CFT Flyer – Resetting Inequity in California


SNAPSHOT

  • 1 in 4 of the country’s billionaires call California home.
  • The deadly COVID-19 pandemic and the recession it sparked has created an unprecedented budget deficit totaling more than $50 billion. In this way, the virus is also threatening lives indirectly through deep cuts proposed to the state’s critical social services that are often life-saving for the state’s most vulnerable populations.
  • Neither the Governor nor the Legislature has included serious revenue proposals in their state budget plans, despite precedent for doing so. For example, in 2009 a republican governor called for temporary tax increases, providing 21% of total budget solutions, yet under the 2020 May Revision temporary tax increases are only at 8%.

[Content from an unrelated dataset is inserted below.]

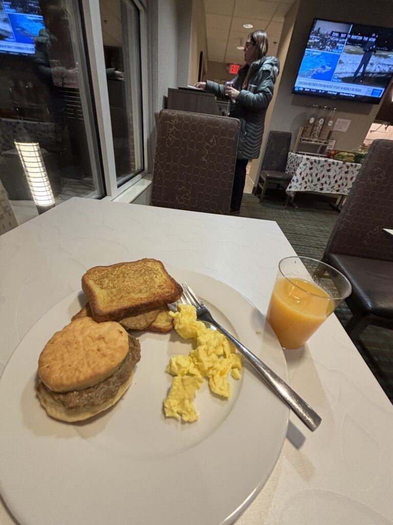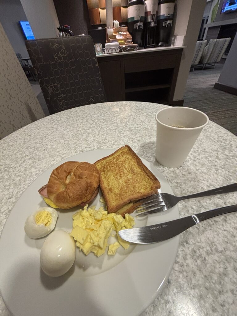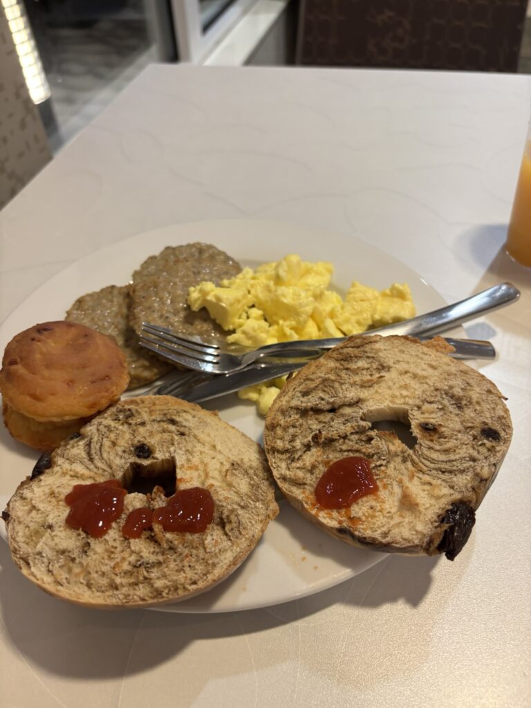 到着前の朝飯は、パンケーキ?

  • The Great Recession has had long-lasting consequences for California’s public schools and colleges and our education system had not even recovered when the pandemic began. That recession hurt a generation of students, critically needed teachers were pushed out of the classroom, and our schools, colleges, and universities lost thousands of classified employees and faculty whose jobs were cut. (In fact, school funding has not rebounded since the corporate property tax loophole was created in 1978; California’s per student spending on instruction ranked 7th in the nation in 1977 and 41st by 2016).

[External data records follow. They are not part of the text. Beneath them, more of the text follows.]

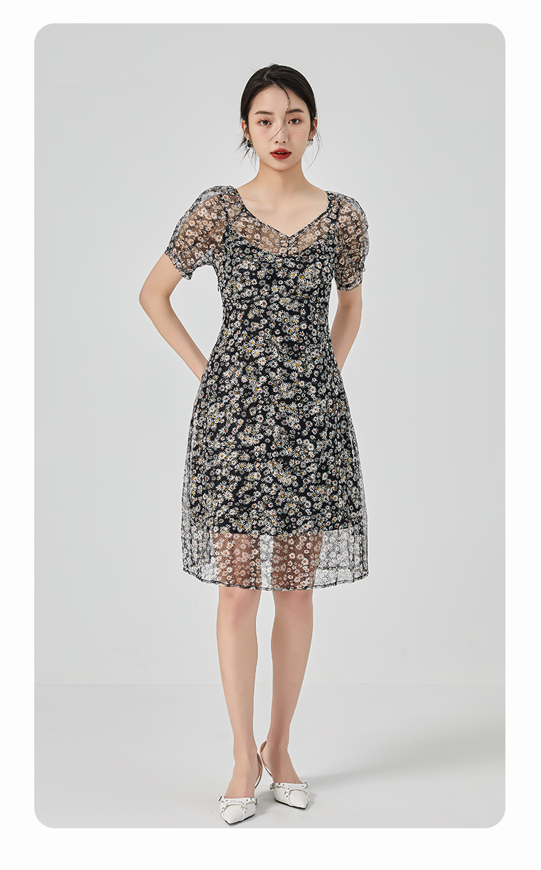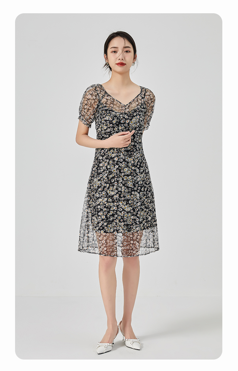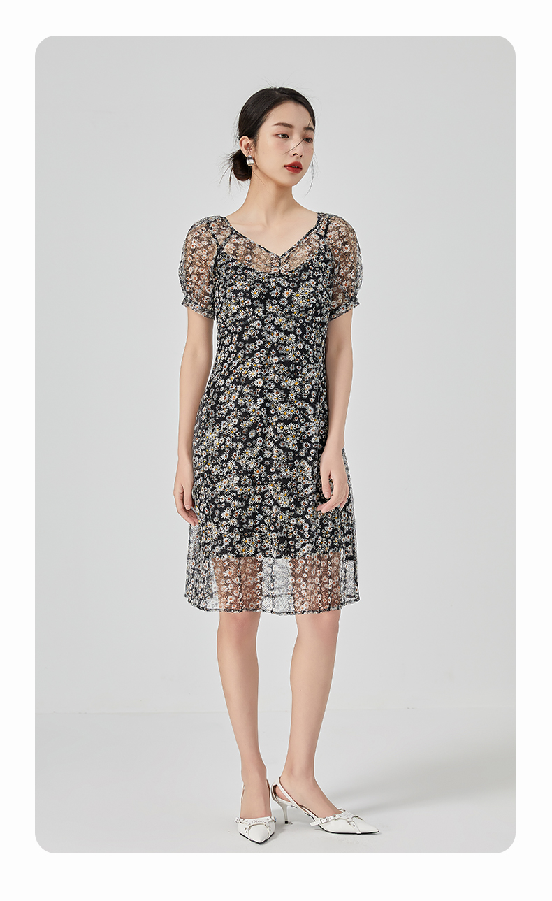 oldcolour2023夏季新款气质蕾丝吊带碎花连衣裙两件套GN21101726
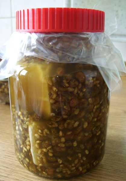 倒入米酒,蓋上塑膠袋+瓶蓋密封。豆腐乳睡覺的時間到了,要變成好吃的豆腐乳喔~~ 四個月後再見!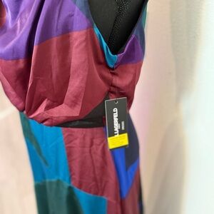 Beautiful and bold Karl Lagerfeld midi dress featuring a striking multi-color geometric patchwork design. Draped neckline, sleeveless cut, and a flattering waist seam give this piece a chic, modern silhouette. Perfect for events, dinners, work, or cocktails. Easy to dress up with heels and jewelry.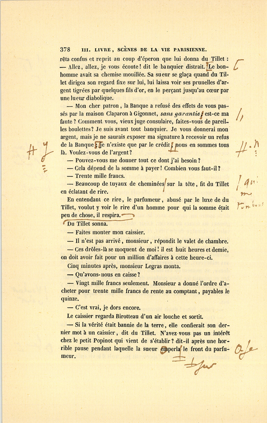 – Ne trouverait-on pas extraordinaire de voir exclu de chez moi un commis que j’ai cautionné pour les premiers vingt mille francs avec lesquels il a commencé les affaires ? Va, faisons le bien pour le bien. D’ailleurs, du Tillet s’est peut-être amendé.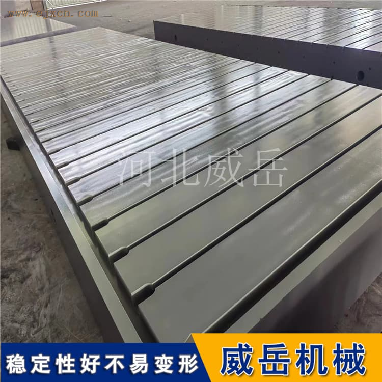 耐磨损是T型槽铸铁平台长期稳定使用的关键。平台通常采用强度灰铸铁(如HT200、HT300),这类材质具有良好的耐磨性、减震性和刚性。选购时,可通过观察平台表面判断工艺:经过时效处理(自然时效或人工时效)的平台,内部应力小,不易变形;表面经过精刨、研磨等加工的平台,平整度高,磨损均匀。避免选择材质疏松、表面有砂眼或裂纹的产品,这类平台不仅耐磨性能差,还可能存在安全隐患。?

  • The pandemic has been a boon for billionaires around the world, and as ordinary Californians were sheltering in place and losing employment, California’s billionaires were getting wealthier by the day–obtaining $140 billion from March through May of 2020.
  • Our state budget must not be balanced on the backs of our communities, our students, the most vulnerable, the essential workers, and the crucial public services that have helped California mitigate the pandemic.

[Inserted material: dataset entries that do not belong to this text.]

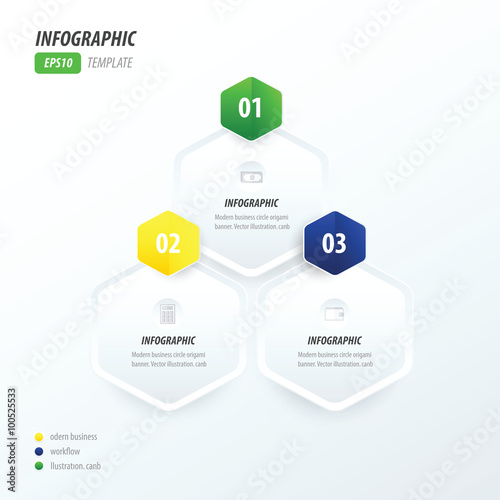 Hexagon infographic green, blue, yellow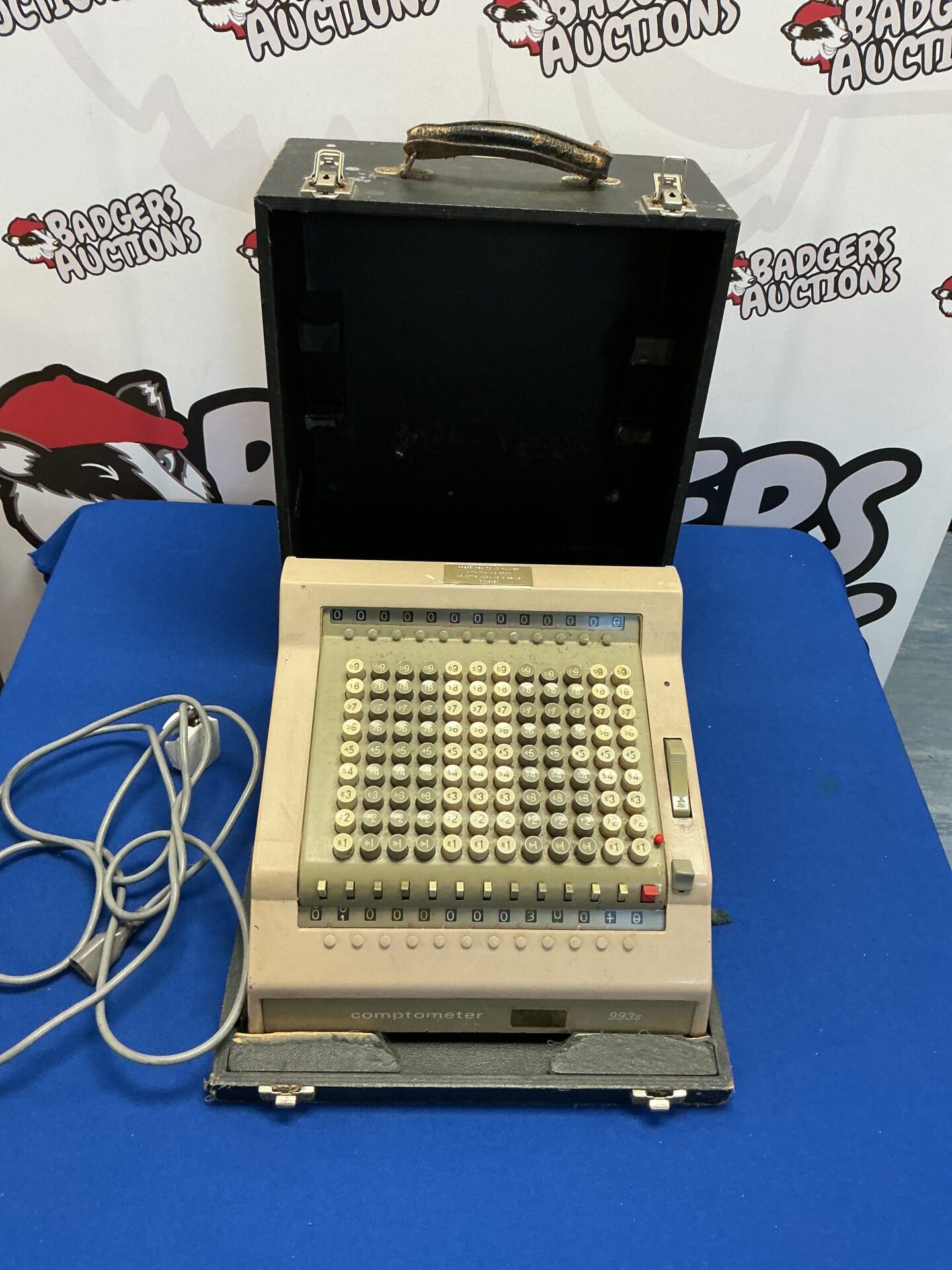 This Comptometer 993s is presented in its original carrying case, adding to its appeal for collectors. The calculator shows signs of age and use, consistent with its vintage, and may require cleaning or restoration. Despite this, it remains a visually striking and historically significant item, ideal for display, study, or as a unique addition to a collection of antique office equipment.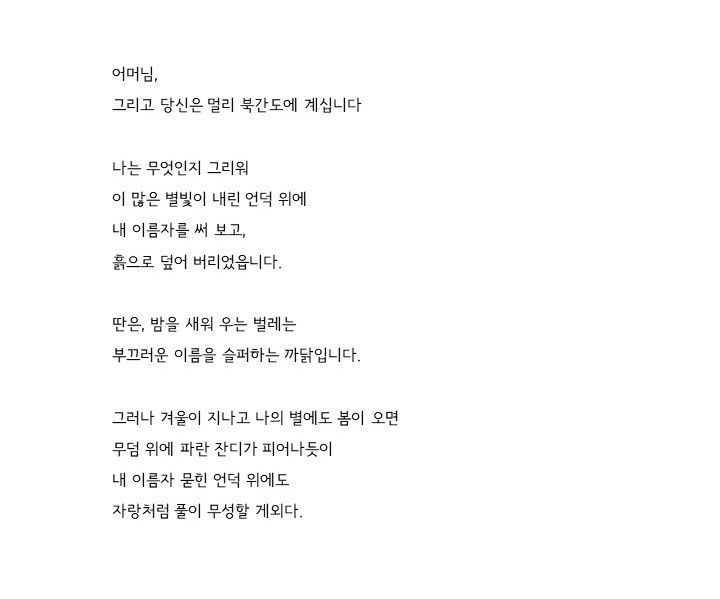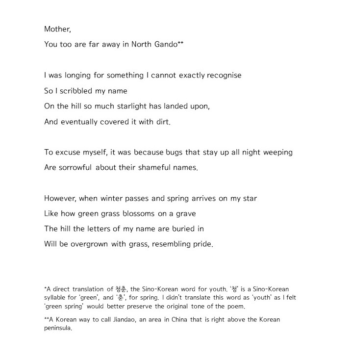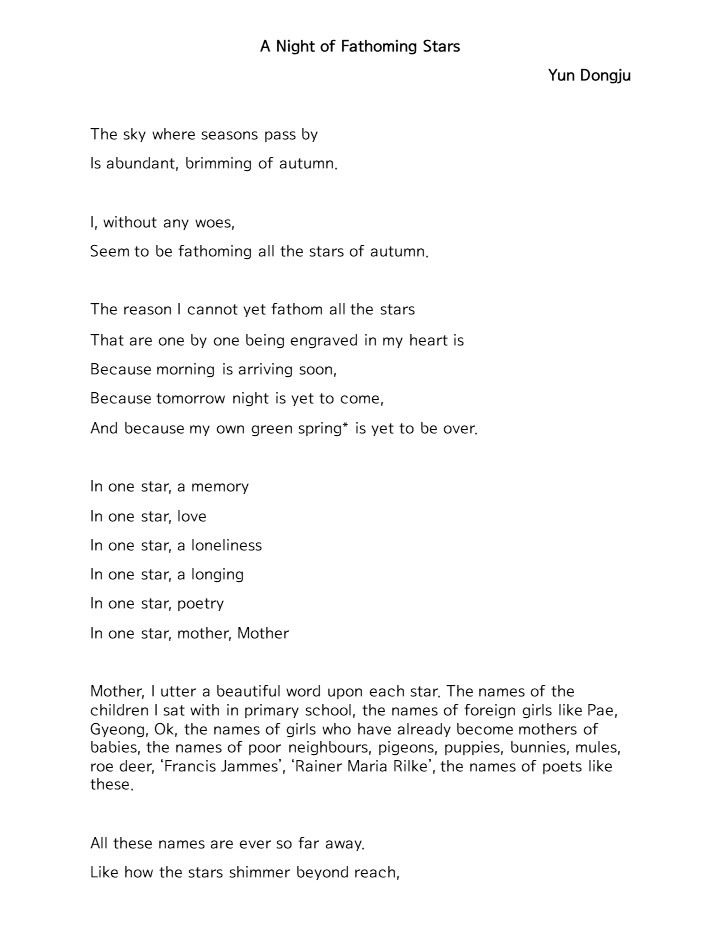 In the poem, the speaker ( who is also interpreted as Yun ) watches the stars in an autumn sky. Counting the stars, he bestows a certain meaning on each of the stars and reminisces about the schoolmates, neighbours, and poets he used to know. Lastly, he pictures his mother in the night sky. This poem is quite lengthy compared to the other two poems, but I chose to include the full text to let you get the full experience of the lyrical, confessional language of 23-year-old Yun.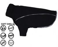 Kurtka z soft shellu trójwarstwowego, nie przepuszcza wiatru, wodoodporność 10000mmH2O, paroprzepuszczalnoąść 3000 g/m2/24h. Kolor czarny, wypustka w cięciu bocznym i lamówka w kratkę pasująca do kolekcji HOSTA, rękaw przedni, wysoka stójka, zapięcie na zamek błyskawiczny na plecach. Regulacja tęgości w pasie i przy szyji. Miękka lekka ciepła i wygodna.

  • We need Governor Newsom and our legislators to include the mega-profits and accumulated wealth in any budget plan to help our state weather this storm and repair decades of financial damage to our school system. Californians deserve a budget that uses the untapped resources of those who can afford to share their pandemic profits.
  • A net worth tax of 1% on individuals with net worth over $50 million and an additional 0.5% tax on worth over $1 billion would bring roughly $18.5 billion to the state each year.